I did a layout showing the entire month’s work, which included a few extra layouts on some days for a total of 34. I count two-page layouts as one layout. Because I mostly stayed with the daily prompts, I had to do some layouts about me, which is a first, and also not chronological, which was fun and very freeing.Here are my two favs from the month, both of which were color prompts:
This year I also signed up for Ali Edwards’ One Little Word class which gives monthly activities to help keep our word visible and in use in our lives. I did the prompt for January which involved a lot of reflecting and making goals and got those all in my album but haven’t finished some of the daily life pictures from January and none from February or March. Need to add those pages to the album in the second quarter. February’s prompt was to make a vision board and I had so much fun cutting up magazines and gluing that all together. It’s now hanging in my sewing room.
I’ve been doing some sewing, too. My new threesome quilt group is doing a 1930’s quilt this year and have several blocks done and I’ve posted about those already. My regular twosome quilt group made a Schoolhouse table topper that needs to be hand-quilted as soon as I finish the Candy Shop quilt, which is almost done. We are now working on an Arrowhead quilt, but it’s a secret project so I’m not posting much for now. But it’s looking mighty awesome so far. Other projects in the works include the following:
I’ve spent a fair amount of time getting some pillowcases sewn up for the Festival of Trees gift boutique in December. Some of this fabric has been waiting around for two years for me to get it done, so I thought this was the year to get them all sewed up and off my plate. They turned into thirteen lovely pillowcases.

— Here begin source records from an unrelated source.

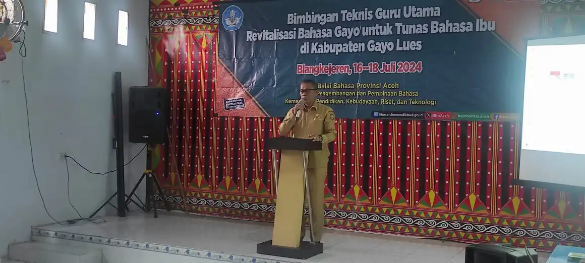 Balai Bahasa Provinsi Aceh Kembali mengadakan kegiatan Bimbingan Teknis Guru Utama Revitalisasi Bahasa Daerah Gayo untuk Tunas Bahasa Ibu yang berlangsung selama tiga hari 16–18 Juli 2024. Kegiatan ini diadakan di Aula Hotel Tawar Dingin Blangkejeren, Kabupaten Gayo Lues.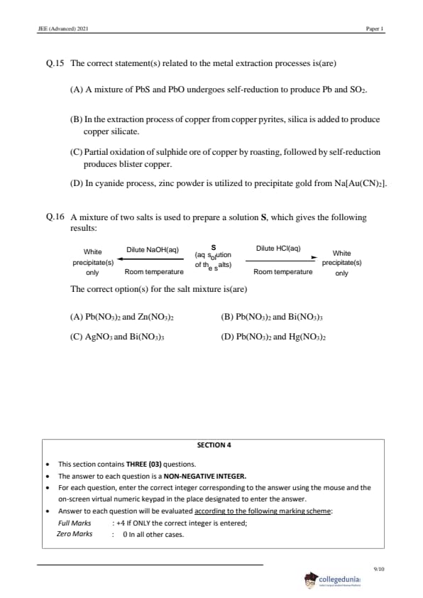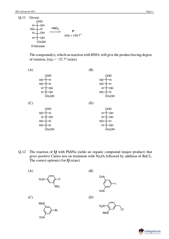 | JEE Advanced 2021 Paper 1 Chemistry Question Paper | JEE Advanced 2021 Paper 1 Chemistry Answer Key |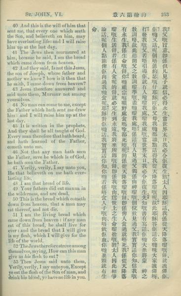1909年中西字新约全书 约翰福音 6 章 40 节到 6 章 53 节

I’ve only been out in the garden once so far this spring and it looks like it needs some major cleaning up. But Scott and I were asked to be in charge of a youth play at church and since I wrote it and am directing it, it’s taken up a ton of time this quarter. I have to spend a lot of time planning and organizing in order to utilize the limited rehearsal time and make it all seem effortless. The performances are this week and I will get some time and energy back.

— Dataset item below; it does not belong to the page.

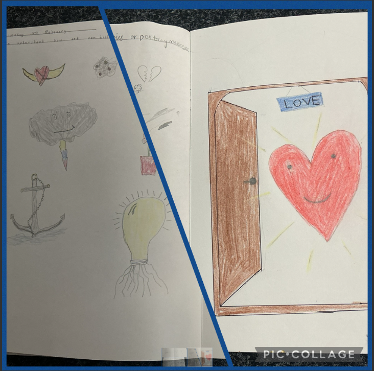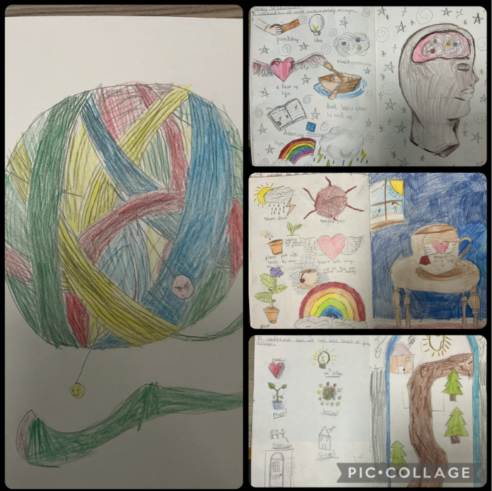 In art, we looked at the piece ‘Five’ produced by Lubaina Himid. Lubaina created artwork that contained symbols and told a story about real-life issues. We used this as inspiration to create our own piece of artwork linked to ‘Children’s Mental Health Week’. You would see symbols like an anchor representing stability; a bridge that represents connecting with people and a plant to represent personal growth.

We’ve also spent a lot of time discussing, planning, and researching the possible addition to our home and it’s amazing how time-consuming that’s been with very little actual progress to show for it. But lots of knowledge in our heads.
As part of my One Little Word this year, I made a list of things to get done. I’m working away on the list and crossing stuff off which is making me happy. Organizing my quilt patterns, cleaning up my scrapping studio, reading some magazines then moving them out, and reading books for my reading challenges. I’ve kept up with the two that have monthly goals and made progress on the others, and I’m eleven books ahead of schedule on my goodreads annual challenge of 104 books/year. Plus my dishwasher has been broken for most of the quarter and I’m washing dishes by hand, which takes time but lets me listen to audio books. Trade-off.